All three singletons are created once and passed to the UI tab builders. This avoids the model-loading overhead being repeated on every query.

---

## Security Decisions

### Password Storage
bcrypt with work factor 12 — prevents offline brute-force attacks even if the SQLite file is exfiltrated. The same rounds as industry standard (bcrypt rounds ≥ 10 is OWASP recommended).

### KB Name as Path Component
The KB name regex (`^[a-z0-9][a-z0-9\-]{0,62}[a-z0-9]$`) prevents path traversal. All KB filesystem operations use `cfg.kb_dir(kb_name)` which returns `data_dir / kb_name` — impossible to escape with a validated slug.

### Query Audit Log — PII Protection
The raw query text is NEVER stored in SQLite. Only the SHA-256 hash of the query is stored (`voice_query_hash`). This satisfies GDPR "data minimization" — analytics work on aggregates, not raw user queries.
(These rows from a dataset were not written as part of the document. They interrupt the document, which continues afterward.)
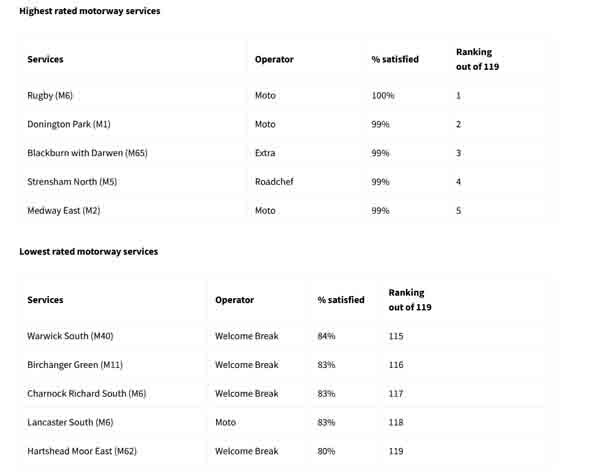 The transport user watchdog said that in the survey's fifth year, motorway service operators had again performed well overall, with 93% of visitors happy with their visit. All visitors were satisfied with their visit to Rugby services, the newest site on the motorway network.
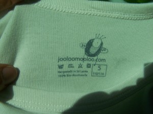 Ich hege ja absonderliche Neigungen und sammle Kleideretiketten wie andere Autogrammpostkarten. In Linz haben mich gewissermaßen zwei kontrastierende Modelle in den Bann gezogen, die ich zeigen möchte. Xiane Kangela vom Wiener Kindermode-Label „jooloomooloo“ hat gar kein Etikett mehr eingenäht, das irgendwo flattert, sondert druckt ihr Etikett direkt auf den Stoff. Ihre Marschrichtung ist klar: Nicht mehr Gedöns als nötig am Kleidungsstück. Die Motive ihrer Mode sind verspielt genug.
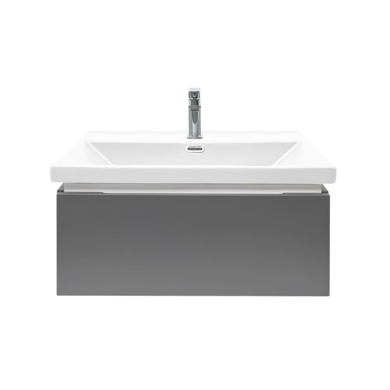 Závěsná koupelnová skříňka s keramickým umyvadlem v antracitové barvě s matným povrchem o rozměru 60x30x44,8 cm. Povrch v provedení lamino.

### No Globals in Event Handlers
All pipeline objects (transcriber, answer_chain, kb_manager) are passed via closures, not module-level globals. This makes the code testable (dependency injection) and prevents accidental shared state mutation.

---

## Test Coverage

**File:** [tests/test_phase5.py](../tests/test_phase5.py) | **55/55 passed**

| Class | Tests | What's verified |
|-------|-------|----------------|
| `TestKBManagerCreate` | 16 | Create, list, get, duplicate detection, 5 slug validation cases |
| `TestKBManagerDelete` | 3 | Delete removes from list, nonexistent raises, count decreases |
| `TestKBManagerPassword` | 7 | Public access, protected access, wrong pass, no pass, unknown KB, bcrypt format |
| `TestKBManagerStats` | 3 | Returns dict, has required keys, zeros on empty DB |
| `TestPreparForTTS` | 7 | Citation stripping, refusal → empty, normal text unchanged, no double spaces |
| `TestCitationPanel` | 8 | Filename, page, section, excerpt, multiple, numbered, empty, type |
| `TestUIHelpers` | 7 | KB choices, KB table format, protected lock icon, append_chat, no mutation |
| `TestAppStartup` | 4 | build_app returns Blocks, all three tab builders run without error |

### Fixture Design

The `manager` fixture creates a fresh KBManager backed by a temp SQLite path for each test — complete isolation with no shared state between tests.

---

## Full Project Test Summary

| Phase | Tests | Status |
|-------|-------|--------|
| Phase 0 — Foundation | 58 passed | ✅ |
| Phase 1 — Ingestion | 46 passed | ✅ |
| Phase 2 — Retrieval | 33 passed, 0 errors | ✅ |
| Phase 3 — ASR | 45 passed, 2 skipped (soundfile) | ✅ |
| Phase 4 — Generation | 72 passed | ✅ |
| Phase 5 — UI & Access | 55 passed | ✅ |
| **Total** | **309 passed, 2 skipped** | ✅ |

**Note on conftest.py CPU fix:** `CUDA_VISIBLE_DEVICES="-1"` is set in `tests/conftest.py` to force CPU for all tests. This prevents CUDA compatibility errors on RTX 5070 (sm_120 not supported by packaged PyTorch ≤ 2.x). Production deployment on HuggingFace Spaces uses NVIDIA T4 (sm_75) which is fully compatible.